He thrust his hands in his pockets, and walked at
a sharp pace down Fifth Avenue to his own house.
That evening when Archer came down before dinner
he found the drawing-room empty.
He and May were dining alone, all the family engagements
having been postponed since Mrs. Manson Mingott’s
illness; and as May was the more punctual of the two
he was surprised that she had not preceded him.
He knew that she was at home, for while he dressed
he had heard her moving about in her room; and he
wondered what had delayed her.
He had fallen into the way of dwelling on such conjectures
as a means of tying his thoughts fast to reality.
Sometimes he felt as if he had found the clue to
his father-in-law’s absorption in trifles; perhaps
even Mr. Welland, long ago, had had escapes and visions,
and had conjured up all the hosts of domesticity to
defend himself against them.
When May appeared he thought she looked tired.
She had put on the low-necked and tightly-laced dinner-dress
which the Mingott ceremonial exacted on the most informal
occasions, and had built her fair hair into its usual
accumulated coils; and her face, in contrast, was
wan and almost faded. But she shone on him with
her usual tenderness, and her eyes had kept the blue
dazzle of the day before.
“What became of you, dear?” she asked.
“I was waiting at Granny’s, and Ellen
came alone, and said she had dropped you on the way
because you had to rush off on business. There’s
nothing wrong?”
“Only some letters I’d forgotten, and
wanted to get off before dinner.”
“Ah—” she said; and a moment
afterward: “I’m sorry you didn’t
come to Granny’s—unless the letters
were urgent.”
“They were,” he rejoined, surprised at
her insistence. “Besides, I don’t
see why I should have gone to your grandmother’s.

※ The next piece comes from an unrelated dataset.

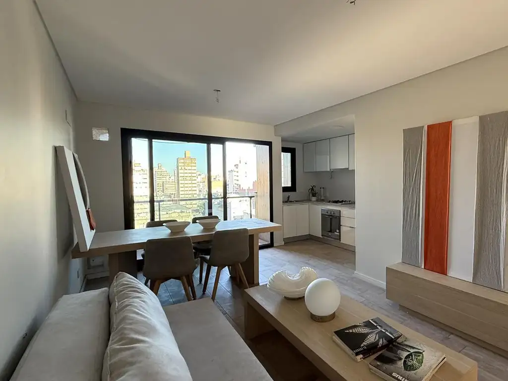 Ingreso a través de un hall recibidor. Se desarrolla un amplio estar-comedor, con proporciones cómodas que permiten una disposición flexible del mobiliario y una integración fluida con el balcón, generando una expansión natural y aportando luminosidad y ventilación.

I didn’t know you were there.”
She turned and moved to the looking-glass above the
mantel-piece. As she stood there, lifting her
long arm to fasten a puff that had slipped from its
place in her intricate hair, Archer was struck by
something languid and inelastic in her attitude, and
wondered if the deadly monotony of their lives had
laid its weight on her also. Then he remembered
that, as he had left the house that morning, she had
called over the stairs that she would meet him at
her grandmother’s so that they might drive home
together. He had called back a cheery “Yes!”
and then, absorbed in other visions, had forgotten
his promise. Now he was smitten with compunction,
yet irritated that so trifling an omission should
be stored up against him after nearly two years of
marriage. He was weary of living in a perpetual
tepid honeymoon, without the temperature of passion
yet with all its exactions. If May had spoken
out her grievances (he suspected her of many) he might
have laughed them away; but she was trained to conceal
imaginary wounds under a Spartan smile.